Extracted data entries
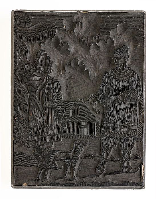 Houten cliché met man en vrouw uit Lapland
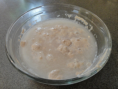 Here’s a batch of yeast I’ve proofed. You can see the bubbles so you know it’s good to go.
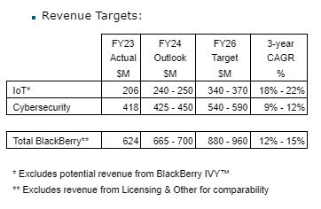• BlackBerry is targeting additional Ivy design wins in fiscal 2024.
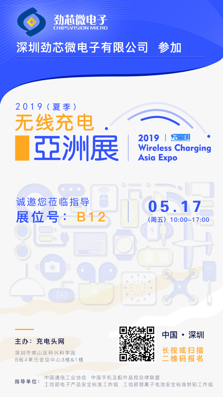 劲芯微将在5月17日出席参加:2019(夏季)无线充电亚洲展,展台设在B12,欢迎大家前来咨询!
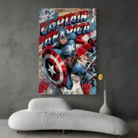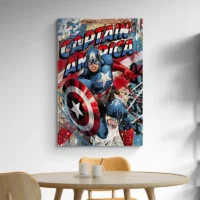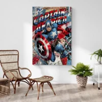 Ce tableau attire le regard avec un costume bleu vif, un casque bleu marqué d’un A blanc, et un bouclier rond orné d’une grande étoile blanche au centre entourée d’anneaux rouges et bleus. On voit aussi une étoile blanche sur la poitrine du personnage. Le fond reste sombre, presque noir, ce qui fait ressortir les rouges et les bleus. Le Tableau Captain America joue sur le contraste, net et direct.
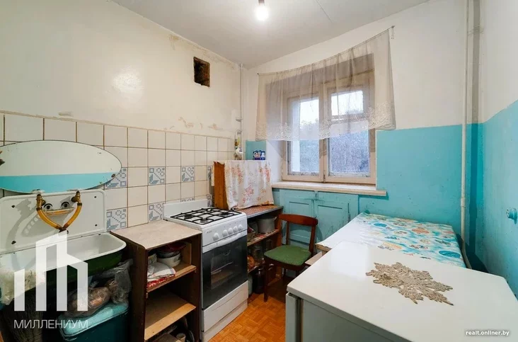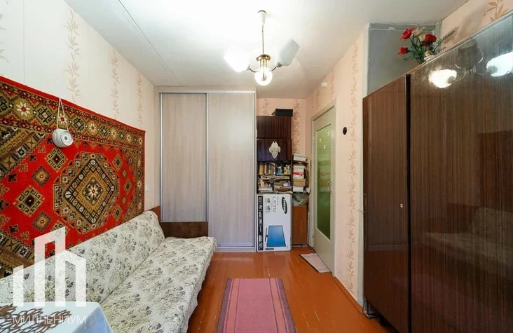 Абстаноўка класічная для старога фонду: драўляная падлога, дыван на сцяне, мэбля, якая бачыла не адно пакаленне жыхароў. Заехаць можна адразу, калі не хочацца траціцца на рамонт: у кватэры ёсць усё самае неабходнае.
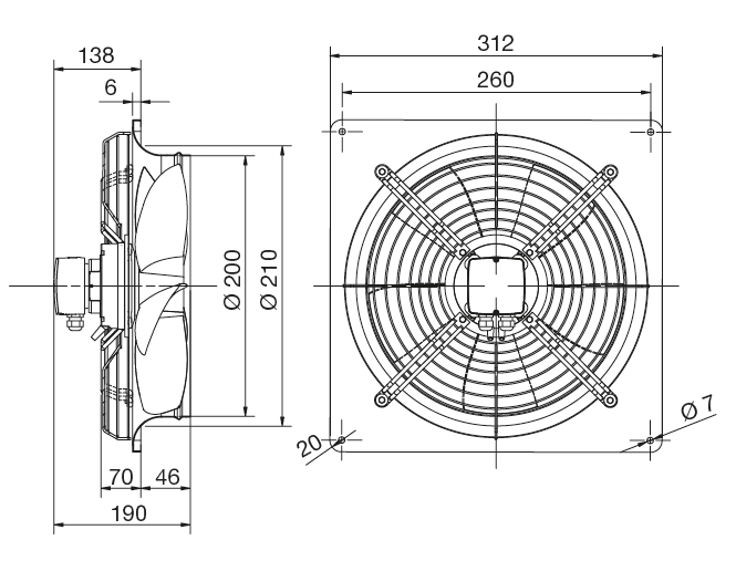 HXBR 200 Ecowatt IP44 economical axial fanAxiální ventilátory IP44
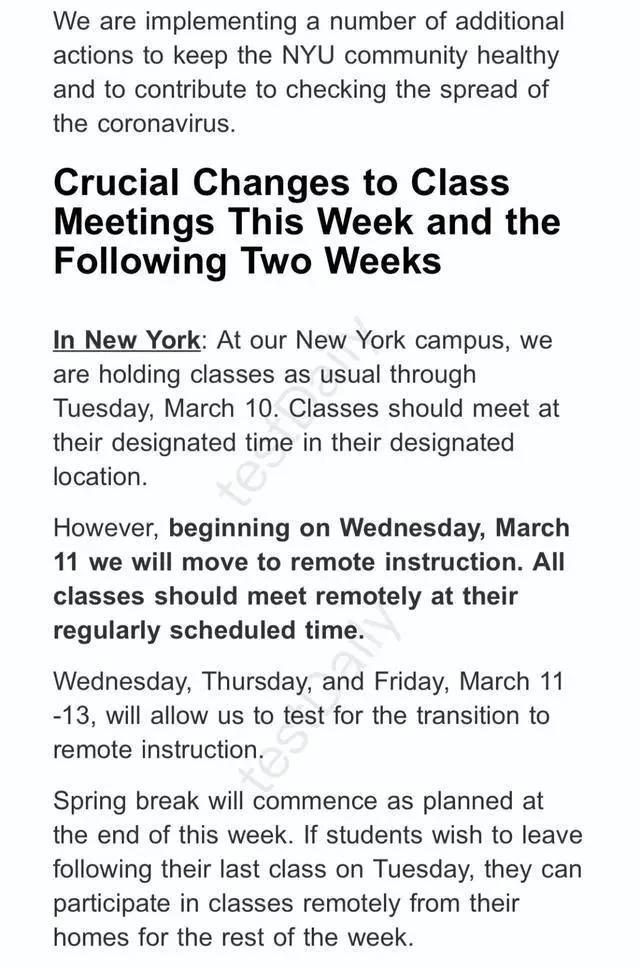 纽约大学也宣布了停课计划。 由于纽约大学分散在曼哈顿岛,而纽约州最近感染人数激增,为确保校内学生的安全,学校宣布3月11日后的课程会安排在线上进行。
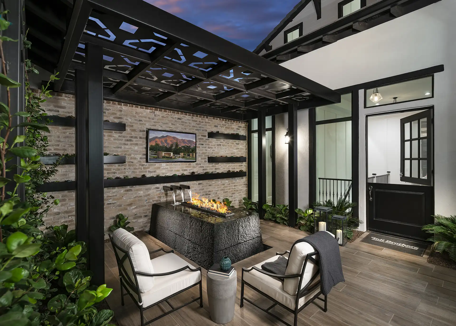 – Contemporary fire wall feature.
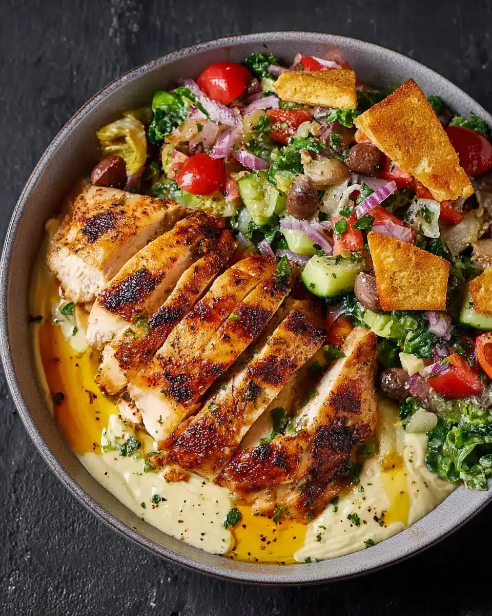 For those nights when you're not feeling poultry, this dish can easily become vegetarian! Swap the grilled chicken for marinated portobello mushrooms or grilled eggplant for that hearty texture. You can also enhance your Fattoush with ingredients like chickpeas or roasted cauliflower, offering a nutritious boost. To keep things creamy, use silken tofu blended with lemon and banana peppers, or skip the dip entirely for a drizzled tahini sauce instead. Either way, you'll find that this adaptable recipe is as versatile as it is delicious!
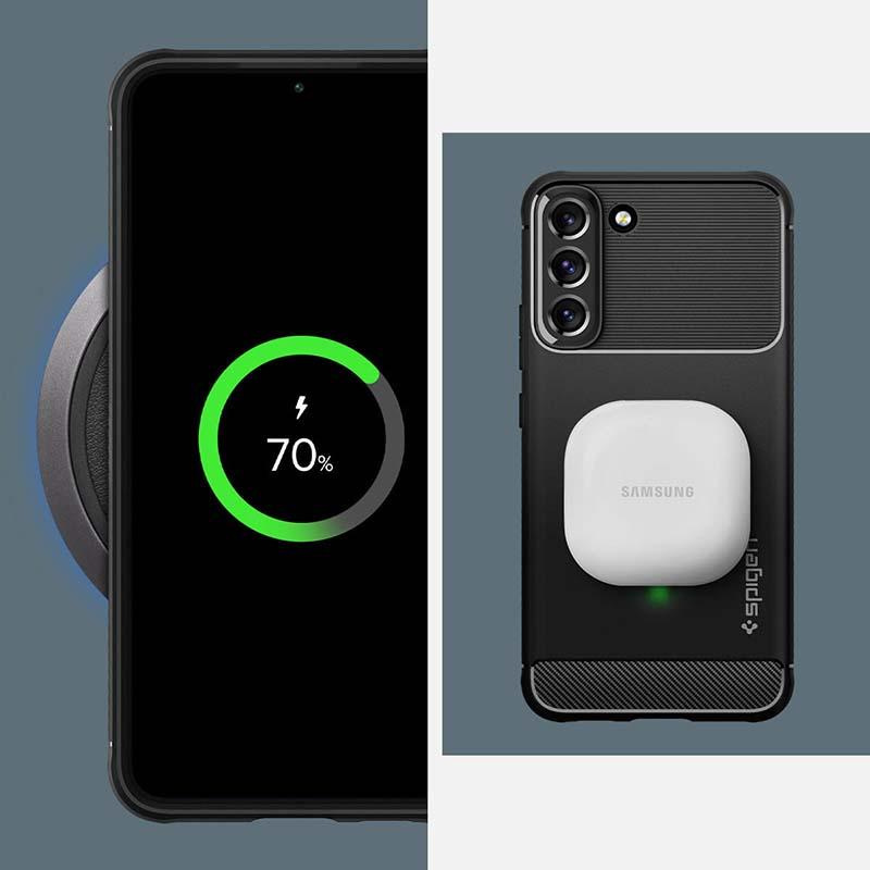 - Spigen Rugged Armor to etui wykonane z trwałego i odpornego na wstrząsy elastycznego TPU, które zwiększa przyczepność i komfort użytkowania. Nie pogrubia znacząco telefonu, zachowując jego oryginalny kształt, jednocześnie zapewniając mu ochronę przed zary
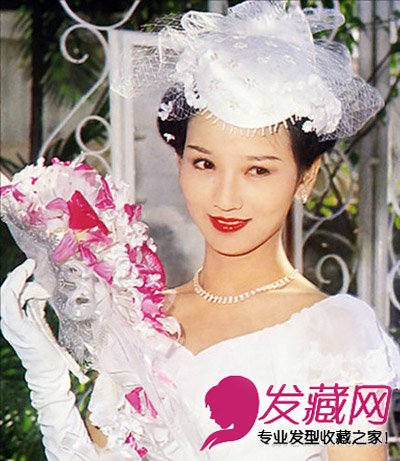 赵雅芝的结婚照,两边高的盘发造型让赵雅芝的端庄之美尽情展现,蕾丝 的帽子发饰,优雅的笑容,幸福感悠然而出。
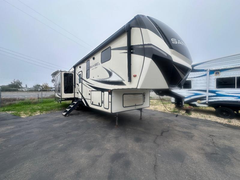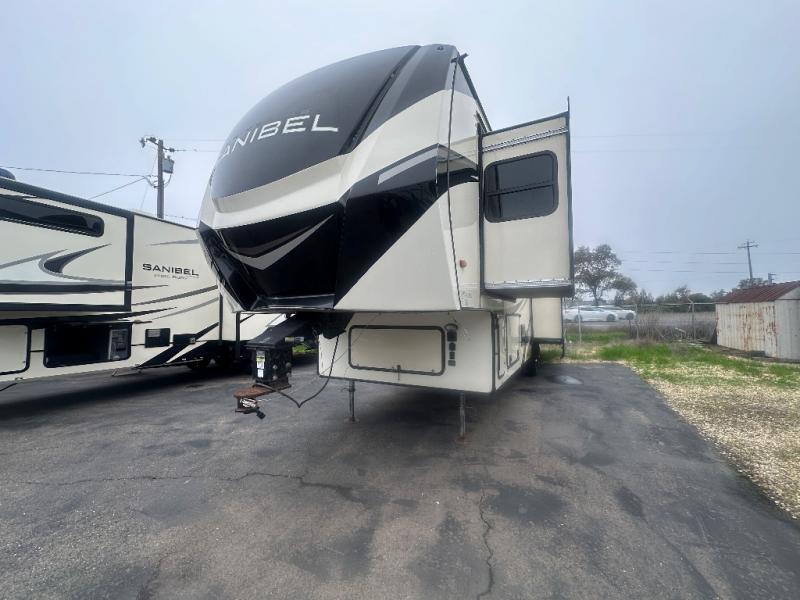 **IN STOCK**USED 2021 Prime Time Sanibel fifth wheel 3402WB ** IN ACAMPO **

• _About this task_
The answer must be the part of the records that opens with the line containing "Абстаноўка класічная для" and closes with the line containing "fire wall feature.", reproduced exactly, with no pictures.

• _Task result_
 Абстаноўка класічная для старога фонду: драўляная падлога, дыван на сцяне, мэбля, якая бачыла не адно пакаленне жыхароў. Заехаць можна адразу, калі не хочацца траціцца на рамонт: у кватэры ёсць усё самае неабходнае.
 HXBR 200 Ecowatt IP44 economical axial fanAxiální ventilátory IP44
 纽约大学也宣布了停课计划。 由于纽约大学分散在曼哈顿岛,而纽约州最近感染人数激增,为确保校内学生的安全,学校宣布3月11日后的课程会安排在线上进行。
 – Contemporary fire wall feature.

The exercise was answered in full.